=== Source records ===
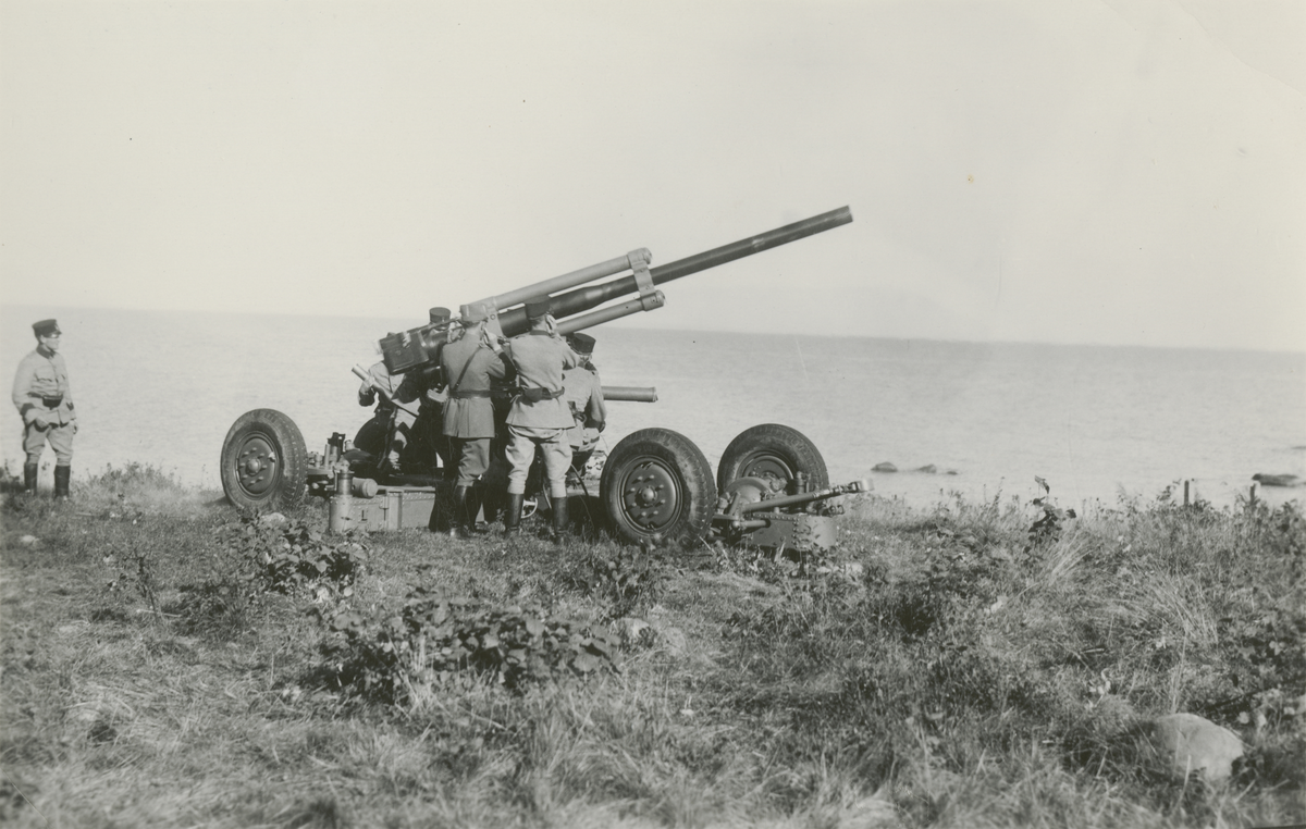 7,5 cm luftvärnskanon m/1937 före eldgivning, Karlsborg.
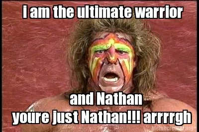 Funny i am the ultimate warrior and Nathan youre just Nathan!!! arrrrgh Meme Template
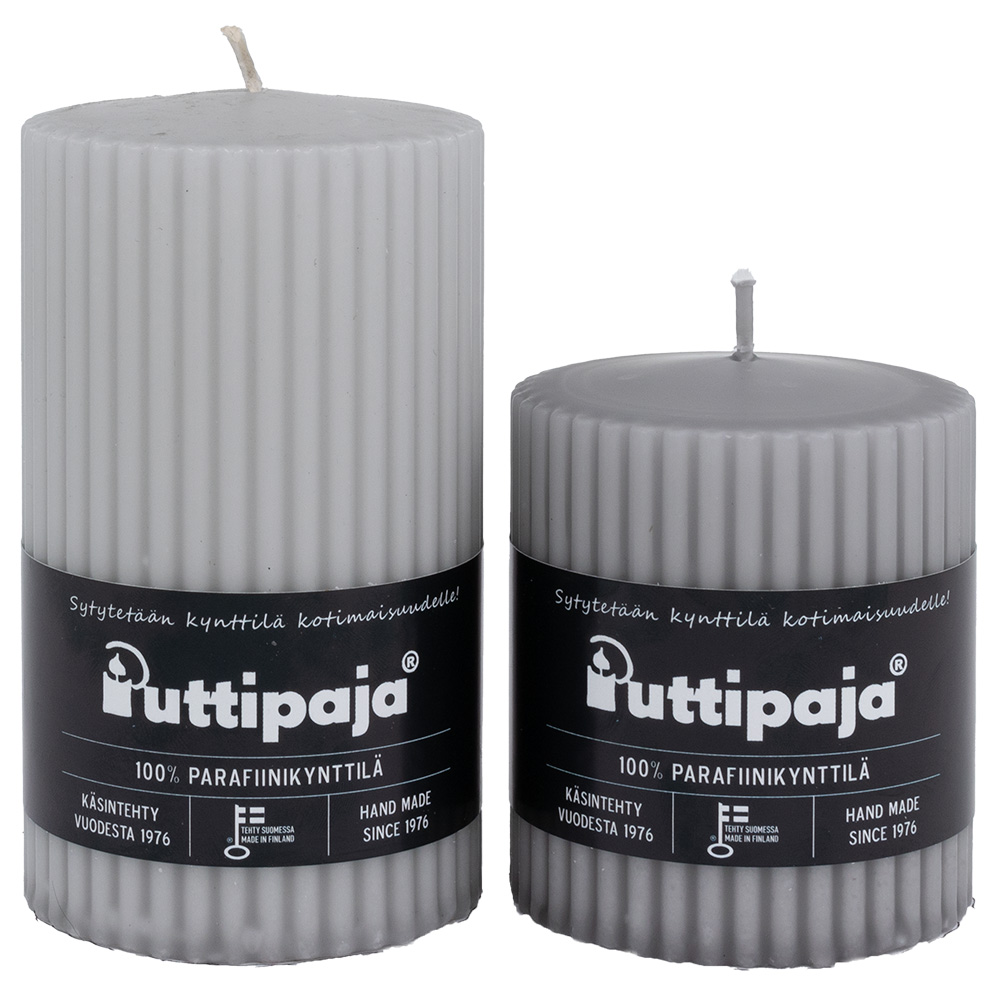 Vaaleanharmaa pintavärjätty vekkikynttilä.
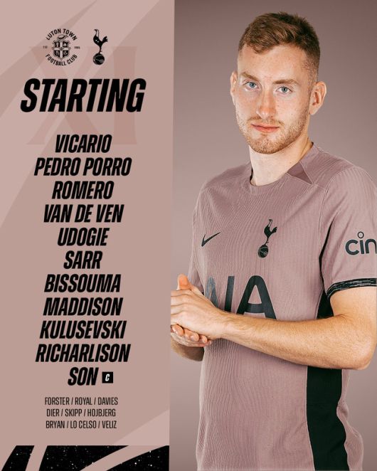 토트넘은 7일 오후 8시 30분(한국시간) 영국 루턴에 위치한 케닐워스 로드 스타디움에서 열린 2023-24시즌 프리미어리그(PL) 8라운드에서 루턴 타운을 1-0으로 격파했다. 이로써 토트넘(승점 20)은 1위, 루턴(승점4)은 17위에 위치했다.
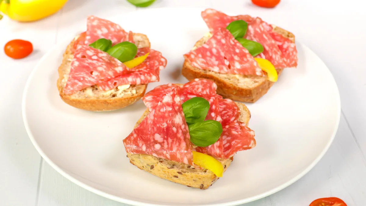 Halbe Brötchen belegt mit Rindersalami-Aufschitt und Lollo-Salat, mit Essiggurke verfeinert.
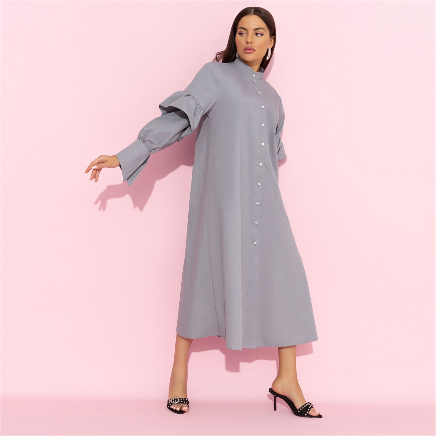 Есть легенда, что Софи Лорен, приходя со съемок домой, обожала нарядиться в платье-рубашку. Любимый предмет гардероба итальянской дивы стал символом тихой роскоши. Платье CHARUTTI уже отправлено прямиком в Италию. Есть несколько свободных экземпляров. Платье свободного кроя в длине миди. Застегивается на пуговицы. Воротник – элегантная стойка. Рукава дополнены рюшами. Широкие манжеты с разрезами.
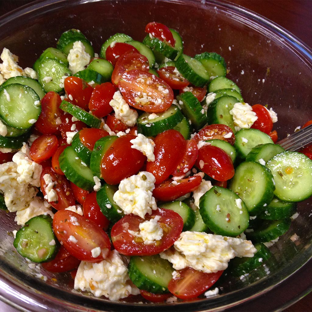 In a large bowl, stir together grape tomatoes, cucumber and feta. Add toasted pita and drizzle with dressing. Toss to combine. Let stand 5 minutes before serving for flavours to develop.
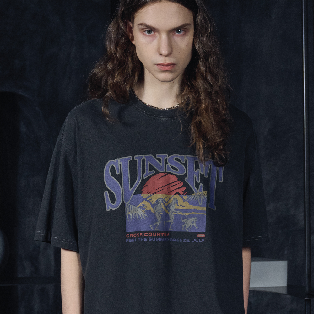 가벼운 소재로 그래픽이 특징인 스트릿 캐쥬얼 반팔티셔츠
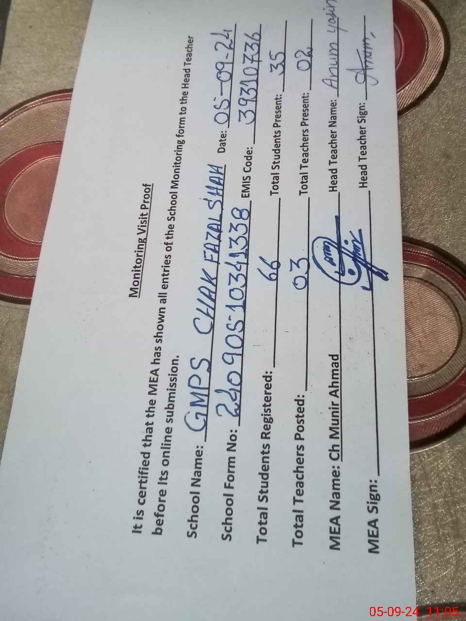 | Attendance Register | Head Teacher | MEA with School | Visit Proof |
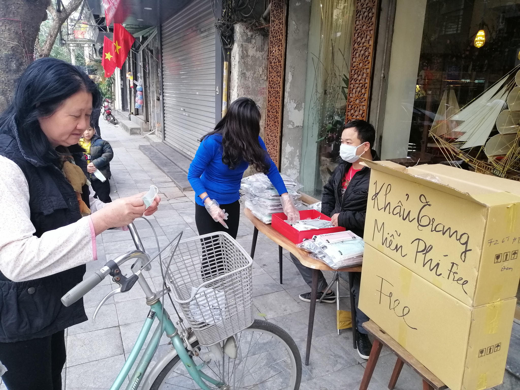 Cặp đôi Hà Nội phát khẩu trang miễn phí cho người qua đường
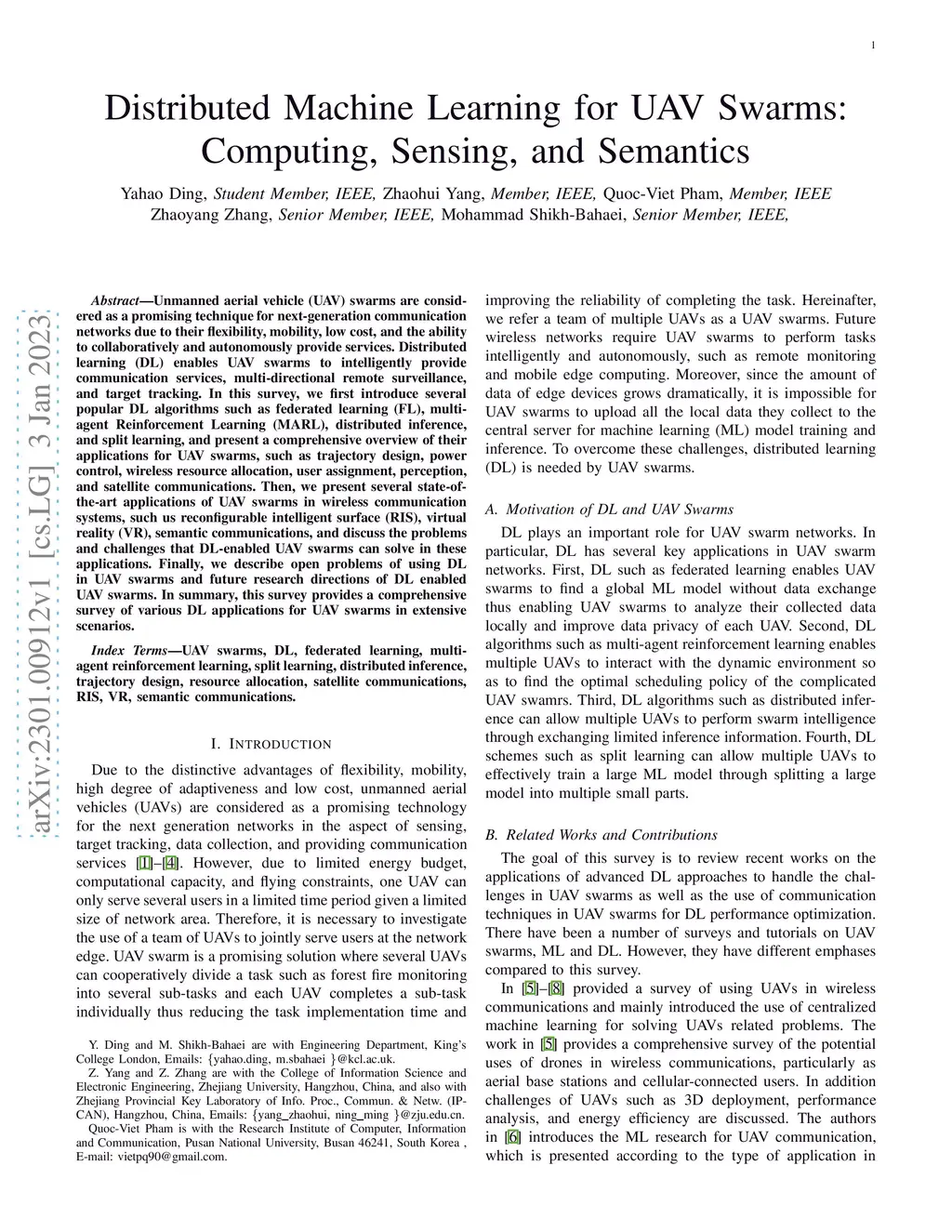 Distributed Machine Learning for UAV Swarms: Computing, Sensing, and
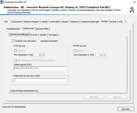 | WebServices aktivieren | Muss aktiviert sein, um die WebServices nutzen zu können |
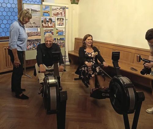 Sie legen sich ins Zeug: OB Reiter und Bürgermeisterin Dietl testen die Rudermaschinen.
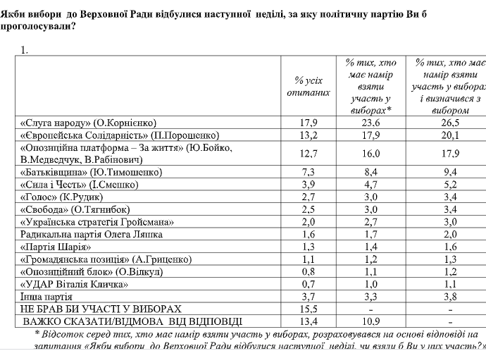 Партию "Сила и честь" готовы поддержать соответственно 4% и 5% респондетов, партию "Голос" - соответственно 3% и 3%, ВО "Свобода" - соответственно 2,5% и 3%, партию "Украинская стратегия Гройсмана" - соответственно 2% и 3%, Радикальную партию Олега Ляшко - соответственно 2% и 2%, "партию Шария" - соответственно 1% и 2%, партию "Громадянська позиція" - соответственно 1% и 1%, партию "Оппозиционный блок" - соответственно 1% и 1%, партию "УДАР Виталия Кличко" - соответственно 1% и 1%.
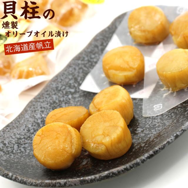 ほたて貝柱 燻油漬 ソフト ホタテ貝柱 大玉30粒(14g前後/1粒) 個包装 チャック袋入り 燻製オリーブオイル仕立て
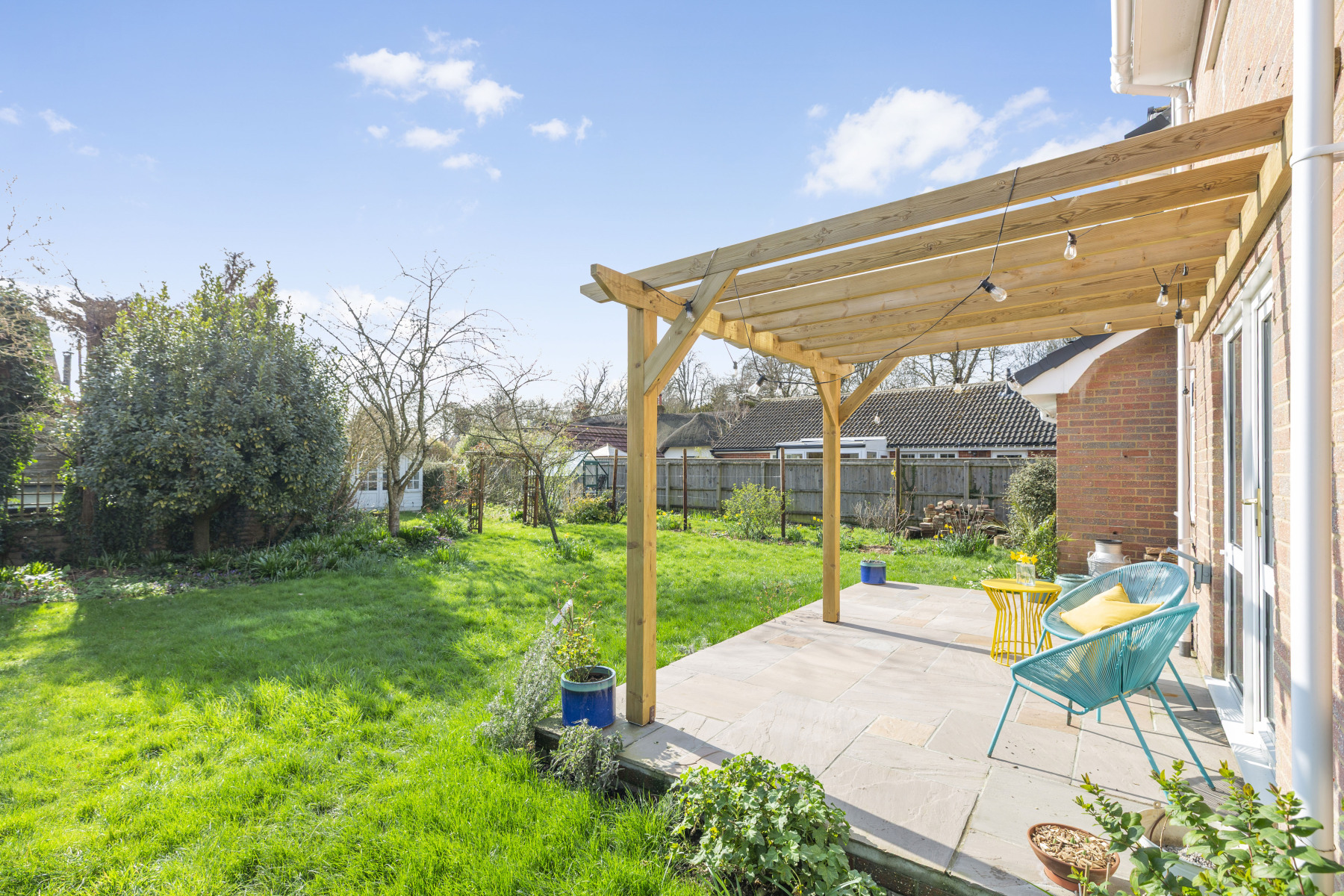 The garden is well proportioned and wraps around three sides of the house and enjoys a predominantly southerly aspect. Enclosed by mature hedging and fencing, it is full of interest, with a large lawn area, well-stocked flower beds, mixed shrubs, and several established trees. There are raised beds for vegetables, a GREENHOUSE and a timber SUMMERHOUSE, so plenty of opportunity for pottering about. There are two patio areas, one outside the kitchen and one outside the sitting room with a wooden pergola that creates a lovely spot for outdoor dining.
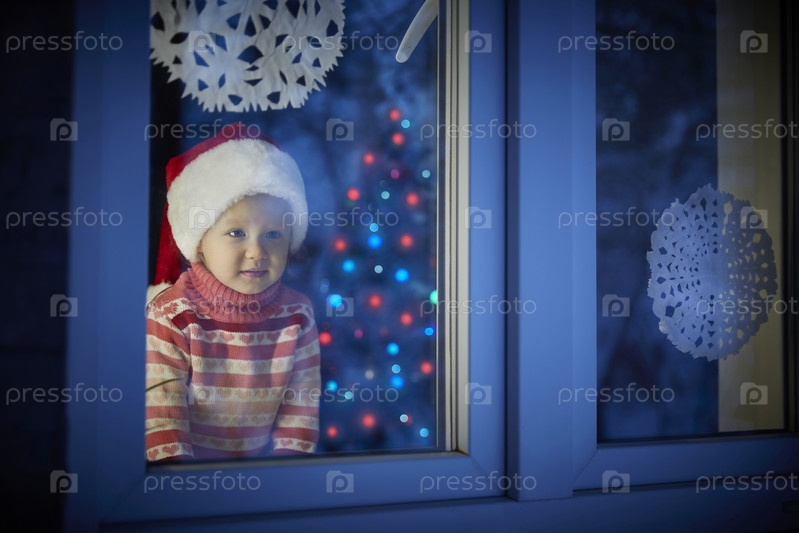 Ребенок смотрит в окно и ждет Санта-Клауса на Рождество или Новый год

=== Directions for this task ===
Retype everything in the entries above exactly. The pictures are to be omitted.

=== Solved problem ===
 7,5 cm luftvärnskanon m/1937 före eldgivning, Karlsborg.
 Funny i am the ultimate warrior and Nathan youre just Nathan!!! arrrrgh Meme Template
 Vaaleanharmaa pintavärjätty vekkikynttilä.
 토트넘은 7일 오후 8시 30분(한국시간) 영국 루턴에 위치한 케닐워스 로드 스타디움에서 열린 2023-24시즌 프리미어리그(PL) 8라운드에서 루턴 타운을 1-0으로 격파했다. 이로써 토트넘(승점 20)은 1위, 루턴(승점4)은 17위에 위치했다.
 Halbe Brötchen belegt mit Rindersalami-Aufschitt und Lollo-Salat, mit Essiggurke verfeinert.
 Есть легенда, что Софи Лорен, приходя со съемок домой, обожала нарядиться в платье-рубашку. Любимый предмет гардероба итальянской дивы стал символом тихой роскоши. Платье CHARUTTI уже отправлено прямиком в Италию. Есть несколько свободных экземпляров. Платье свободного кроя в длине миди. Застегивается на пуговицы. Воротник – элегантная стойка. Рукава дополнены рюшами. Широкие манжеты с разрезами.
 In a large bowl, stir together grape tomatoes, cucumber and feta. Add toasted pita and drizzle with dressing. Toss to combine. Let stand 5 minutes before serving for flavours to develop.
 가벼운 소재로 그래픽이 특징인 스트릿 캐쥬얼 반팔티셔츠
 | Attendance Register | Head Teacher | MEA with School | Visit Proof |
 Cặp đôi Hà Nội phát khẩu trang miễn phí cho người qua đường
 Distributed Machine Learning for UAV Swarms: Computing, Sensing, and
 | WebServices aktivieren | Muss aktiviert sein, um die WebServices nutzen zu können |
 Sie legen sich ins Zeug: OB Reiter und Bürgermeisterin Dietl testen die Rudermaschinen.
 Партию "Сила и честь" готовы поддержать соответственно 4% и 5% респондетов, партию "Голос" - соответственно 3% и 3%, ВО "Свобода" - соответственно 2,5% и 3%, партию "Украинская стратегия Гройсмана" - соответственно 2% и 3%, Радикальную партию Олега Ляшко - соответственно 2% и 2%, "партию Шария" - соответственно 1% и 2%, партию "Громадянська позиція" - соответственно 1% и 1%, партию "Оппозиционный блок" - соответственно 1% и 1%, партию "УДАР Виталия Кличко" - соответственно 1% и 1%.
 ほたて貝柱 燻油漬 ソフト ホタテ貝柱 大玉30粒(14g前後/1粒) 個包装 チャック袋入り 燻製オリーブオイル仕立て
 The garden is well proportioned and wraps around three sides of the house and enjoys a predominantly southerly aspect. Enclosed by mature hedging and fencing, it is full of interest, with a large lawn area, well-stocked flower beds, mixed shrubs, and several established trees. There are raised beds for vegetables, a GREENHOUSE and a timber SUMMERHOUSE, so plenty of opportunity for pottering about. There are two patio areas, one outside the kitchen and one outside the sitting room with a wooden pergola that creates a lovely spot for outdoor dining.
 Ребенок смотрит в окно и ждет Санта-Клауса на Рождество или Новый год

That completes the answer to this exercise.